I guess I should be grateful that the ‘only’ aggression I had to go through dealt with random guys deciding that fondling my thigh in the train was something they had a God-given right to do. Or grateful that they ‘only’ flashed their dick in front of my face. It wasn’t ‘that bad’, right? Well, screw that. At the root of it, our stupid, crappy society is still stuck on Man Sees, Man Takes (sometimes women do that, too, but it’s nevertheless much more often the other way ‘round, because Boys Will Be Boys, and all that rubbish we dump into boys’ heads when they’re still so little). And as long as we don’t wake up and grow up for a change, this won’t go away.

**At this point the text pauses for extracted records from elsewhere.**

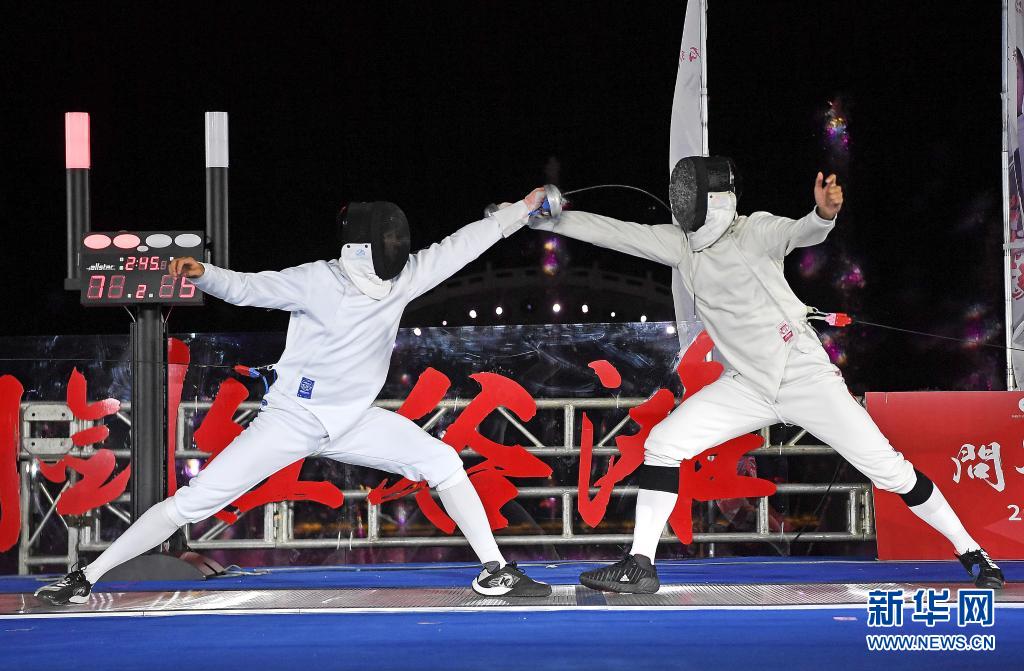 在南昌舉行的2020中國擊劍大師賽男子重劍決賽中,王子杰(左)對陣石高峰(2020年10月31日攝)。 新華社記者萬象攝
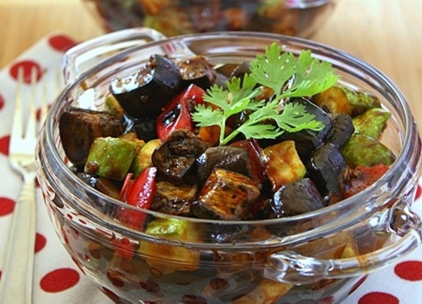 Все овощи помыть. Перец очистить от семян. Баклажаны, перец и кабачки порезать небольшими кубиками. Выстелить противень пергаментной бумагой. Равномерно разложить овощи и полить оливковым маслом. Запекать при температре 180 градусов 25 минут. Выложить овощи в салатницу.
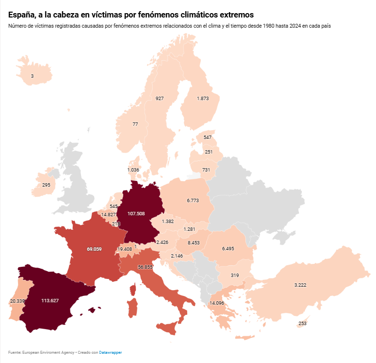 Aunque el Pacto Verde Europeo se resquebraje tanto en la UE como en España por las alianzas entre el PP y Vox, la realidad es tozuda: España es el país de la Unión Europea que soporta más fallecidos por fenómenos meteorológicos extremos. En los últimos 45 años suman más de 100.000 personas, según los datos de la Agencia Europea del Medio Ambiente (EEA).
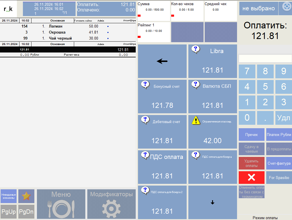 - Нажмите кнопку Оплата картой, и стол закроется. Данные передадутся в гостиничную систему.
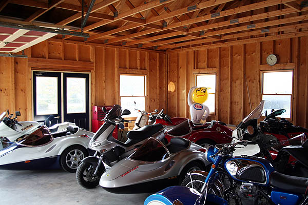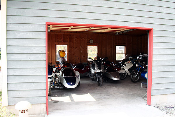 オリジナルサイドカーのメーカーで、よそにない独自の路線のサイドカーを追求されています。小型スクーターに装着可能なものから大型まで、こだわりの逸品カーを創ります。ガレージは26×24タイプ(間口7.925m×奥行き7.315m)をベースに、ガレージドアを小型の9フィートサイズに変更し、軒側にはピーチトゥリー社のダブルドアを付けました。 2000年の春に施工したガレージです。
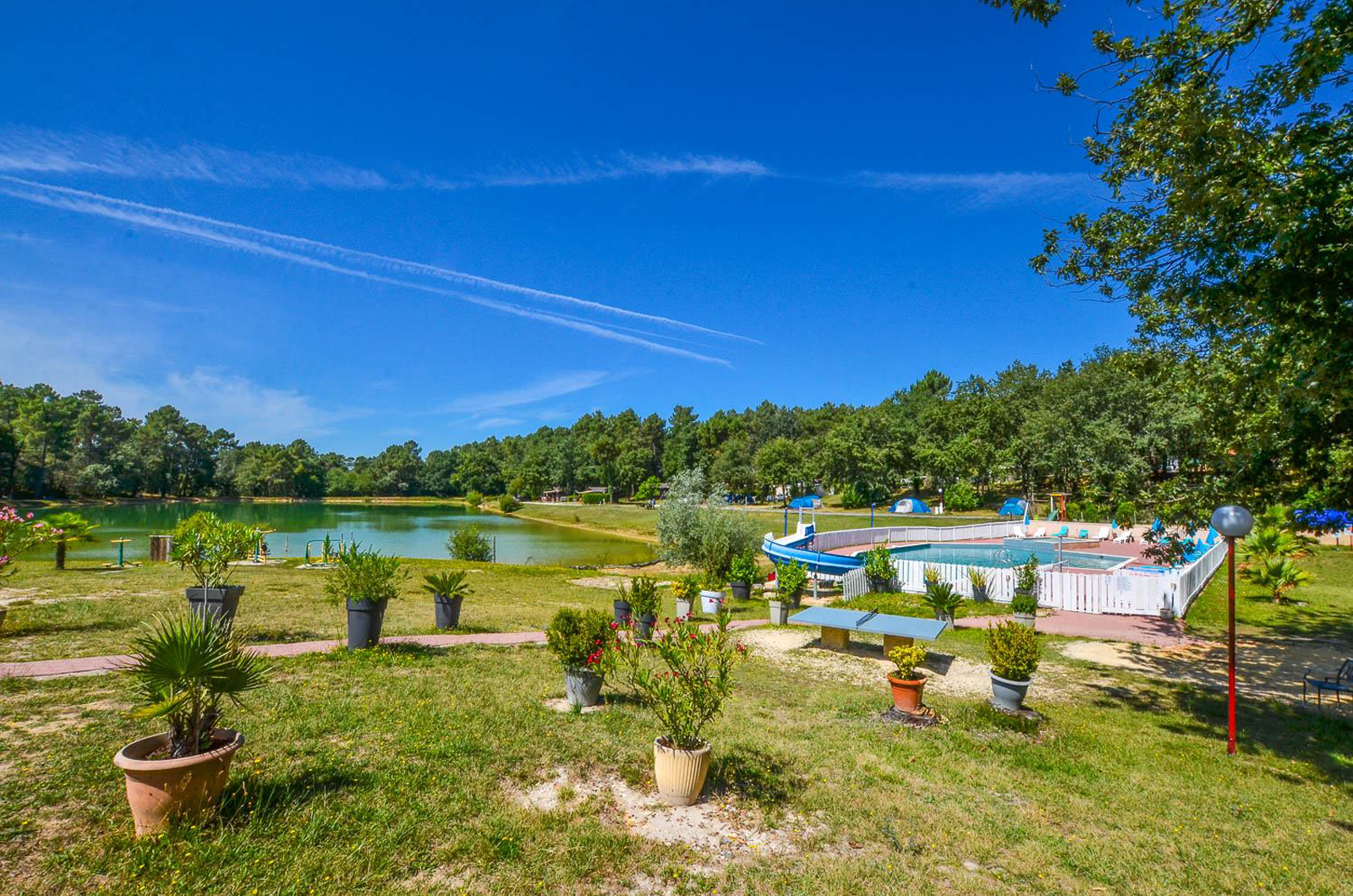 Le camping, niché au cœur de la nature, est un véritable havre de paix : très arboré, entouré d’une végétation magnifique, avec un bel étang qui apporte beaucoup de charme et de sérénité. Nous avons adoré profiter du terrain de pétanque pour partager des moments conviviaux, et de la piscine idéale pour se détendre et se rafraîchir.
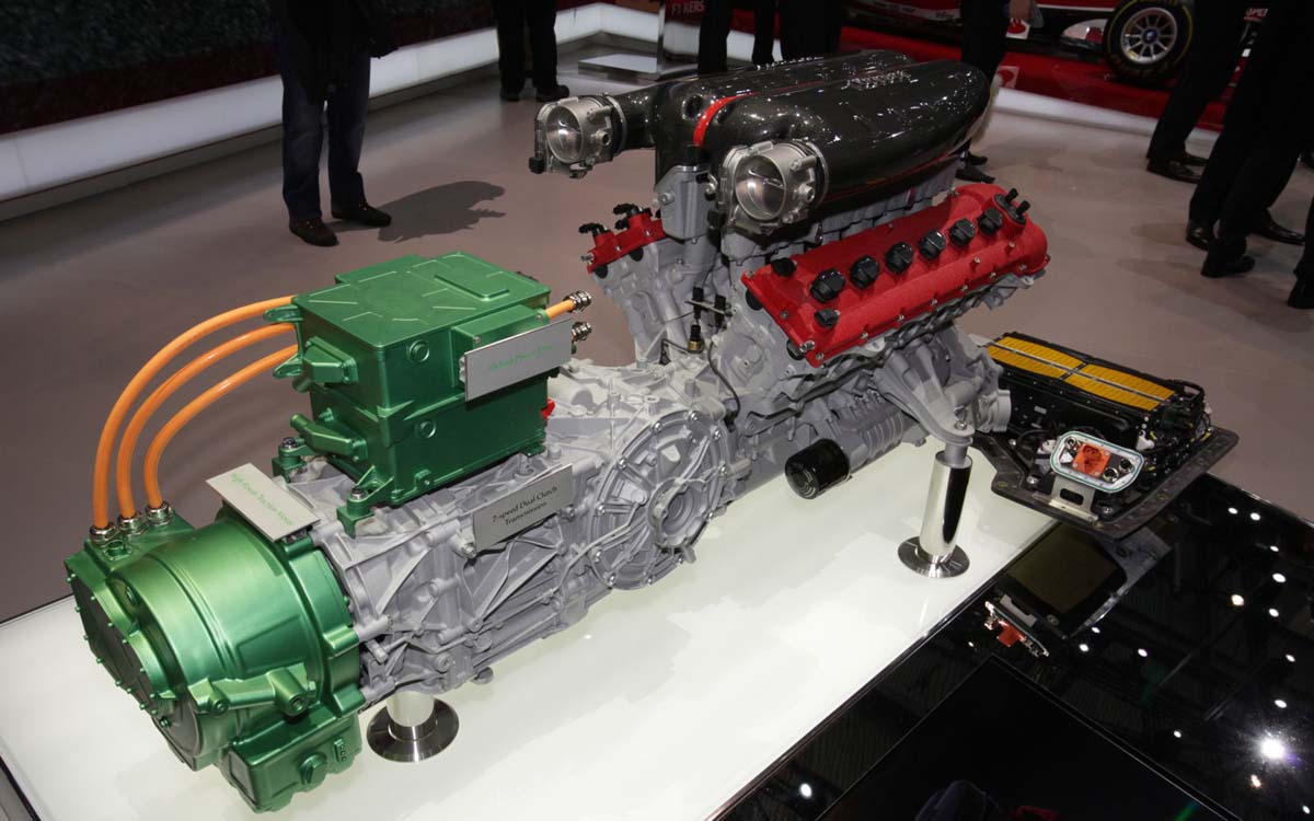 | LaFerrari的動力系統,由一具實際排氣量6262c.c. V12自然進氣引擎,和兩組電動馬達所組成,引擎可輸出800hp/71.4kgm最大性能,加上HY-KERS電力系統的動力後,綜效最高動力則可達963hp/91.8kgm,0~100 km/h少於3秒、0~200 km/h少於7秒,且0~300公里也只需15秒,極速則超過350km/h。 |
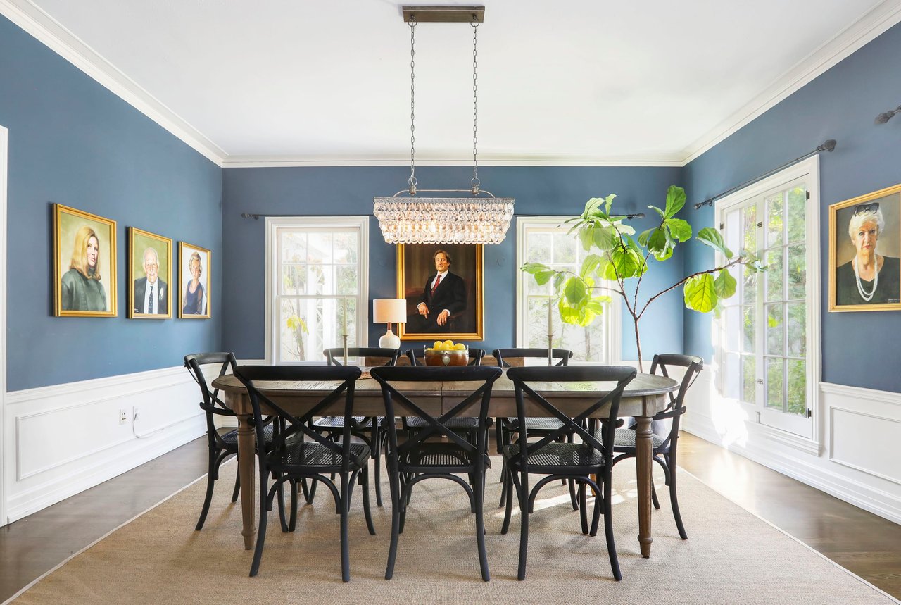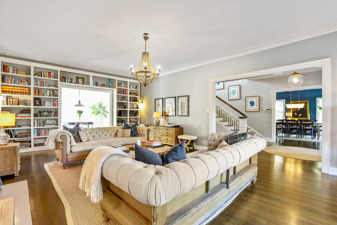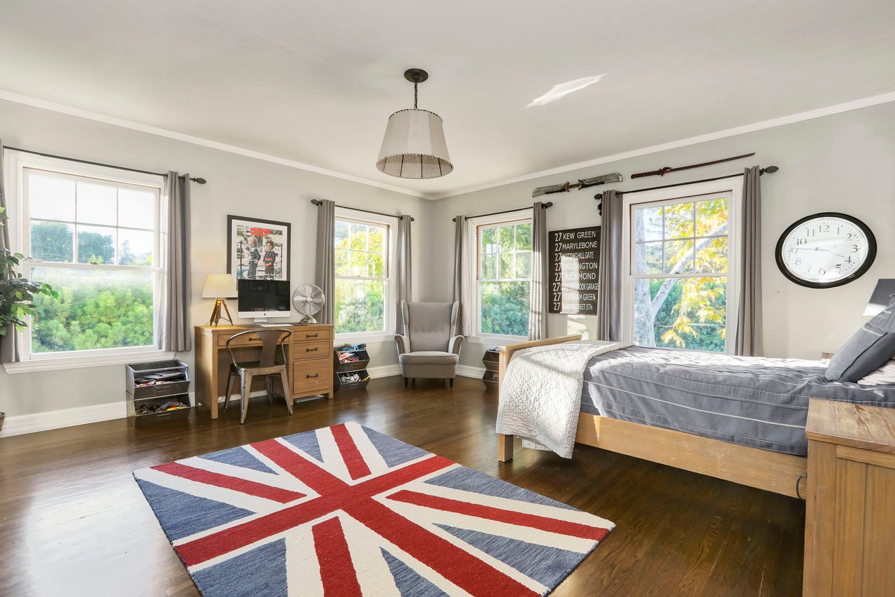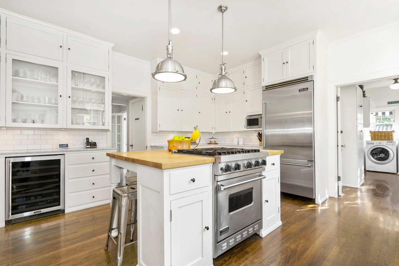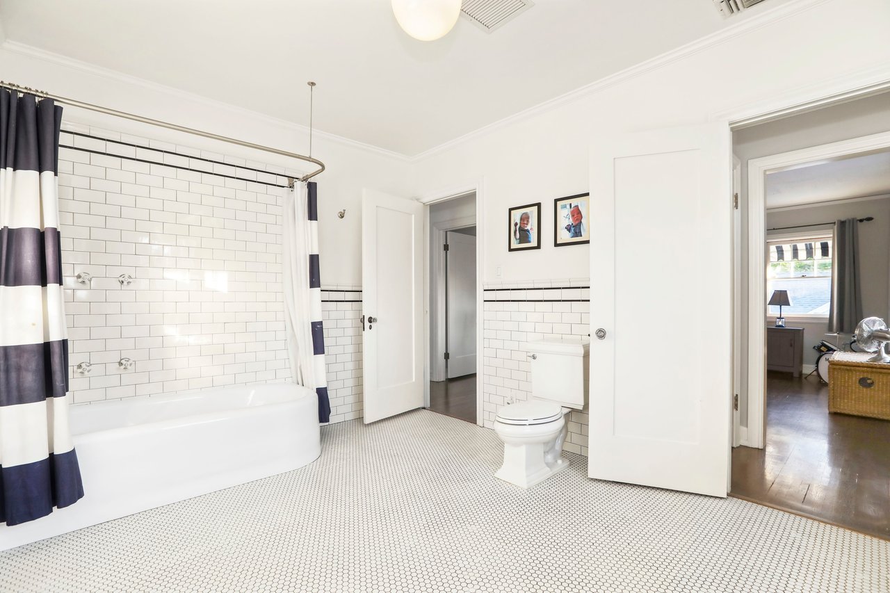 Marshall Wilkinson AIA, architect to the stars. Shrouded by tall hedges behind gates for privacy adjacent to Laughlin Park, this 1920's mini-compound is one of the finest examples of unspoiled Colonial architecture: with details, craftsmanship and a soul that you will only find in a vintage home. Motor court leads to portico entry and massive center hall with grand staircase flooded with sunlight. Chic and classic stylings elevate living room with fireplace, formal dining room and sun/TV room. Updated chef's eat-in kitchen leads to breakfast room, laundry room and full maid's suite. Upstairs are 4 more bedrooms including gorgeous primary suite--and on the third level is a bonus suite. Garage is converted to a stunning family entertainment center plus full guest apartment upstairs. Newer pool and yard with mature landscape are totally private. An experience that lights the spirit and soothes the senses--creating an unforgettable atmosphere of blissful country life in the city.
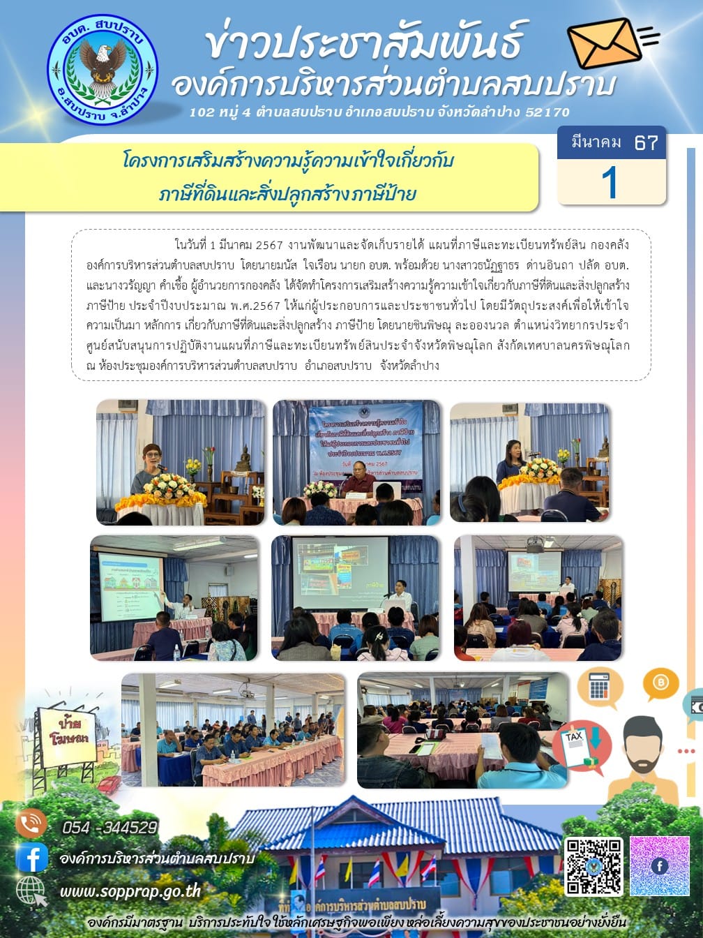 ประชาสัมพันธ์โครงการเสริมสร้างความรู้ความเข้าใจเกี่ยวกับภาษีที่ดินและสิ่งปลูกสร้าง ภาษีป้าย ประจำปีงบประมาณ พ.ศ.2567
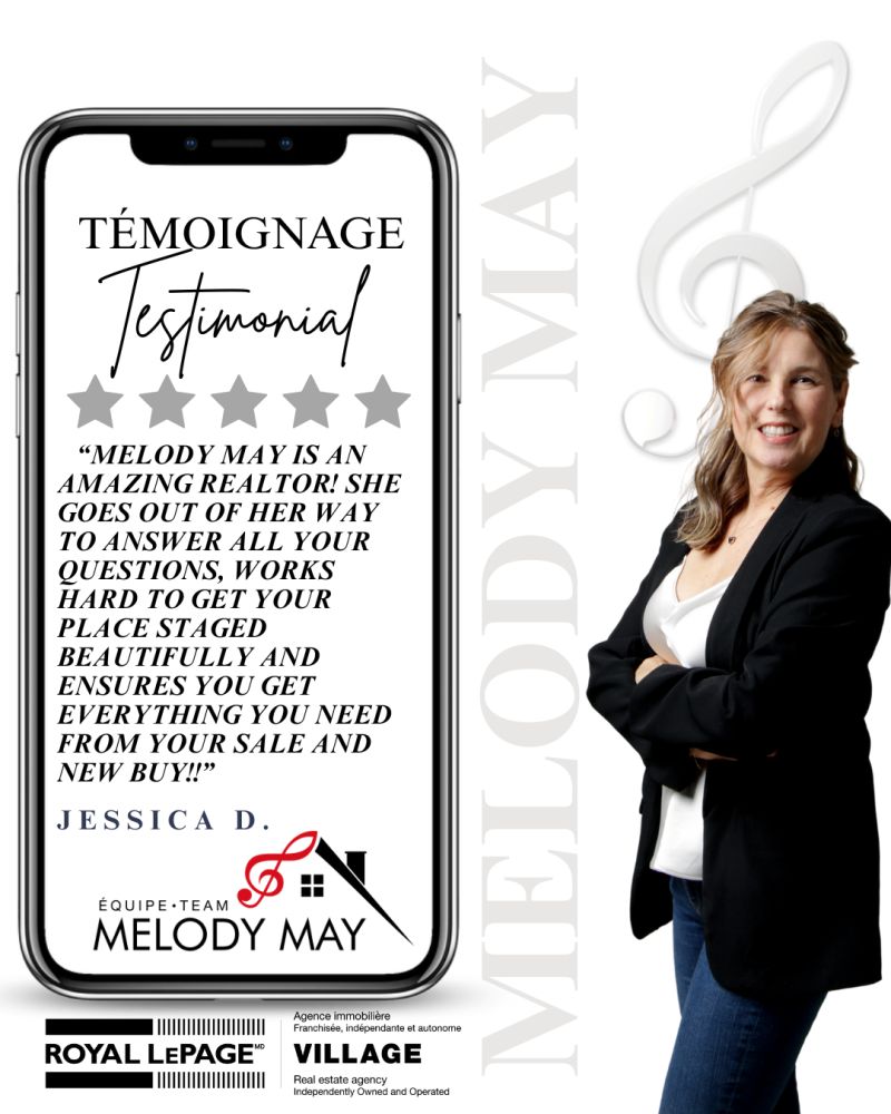 Chez Équipe/Team Melody May - Royal Lepage Village, nous sommes reconnaissants pour la confiance et les mots chaleureux de nos clients. Vos témoignages nous motivent à continuer d’offrir un service personnalisé et exceptionnel.
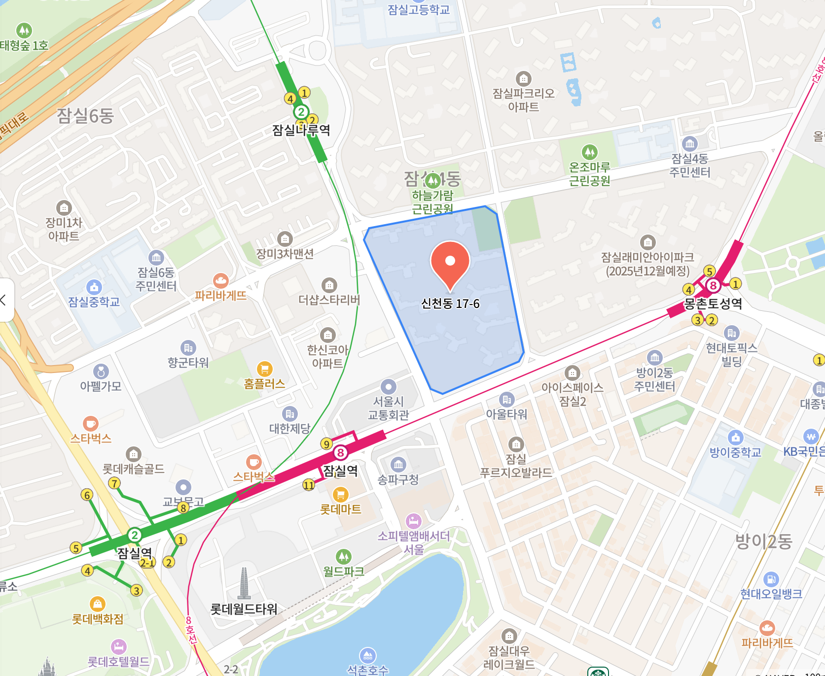 - 위치: 서울특별시 송파구 신천동 17-6 일대
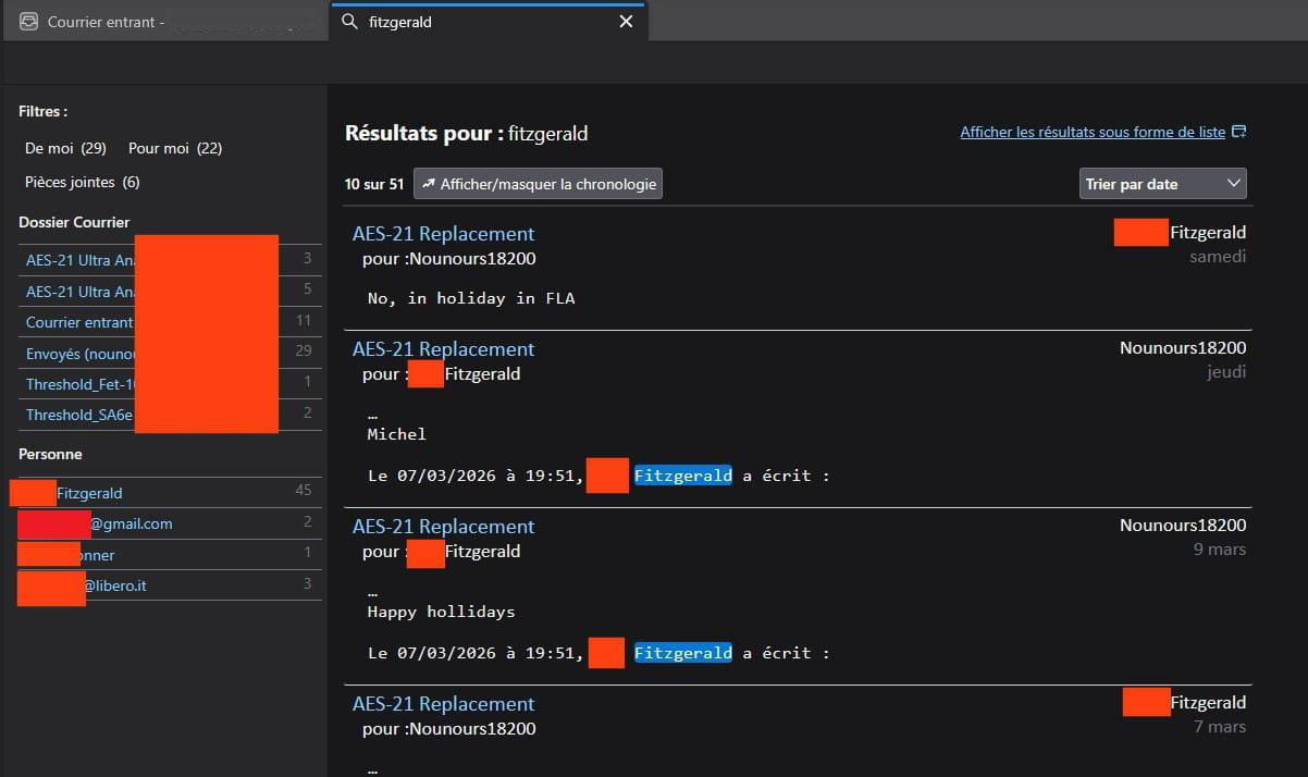 J'utilise Thunderbird 140.9.0esr, et quand je cherche un message en indiquant par exemple le nom du destinataire dans le champ de recherche, il trouve bien évidemment tous les messages contenant ce nom.

The styles are varied, by various authors (female, male, trans), including even an essay in comics format, while being close enough to clearly resonate as a whole. They read quickly and easily in terms of grammar/vocabulary, and yet remain powerful and hard to stomach as well, due to the theme they explore and the pain they deal with, whether they are actually depressing or carrying some form of hope.

These essays are definitely worth reading: as an eye opener for some, as a reminder in general of what is at stake, of the day to day attitudes towards sexual harassment, of all the tiny ways well-meaning people can and will say/do the wrong things.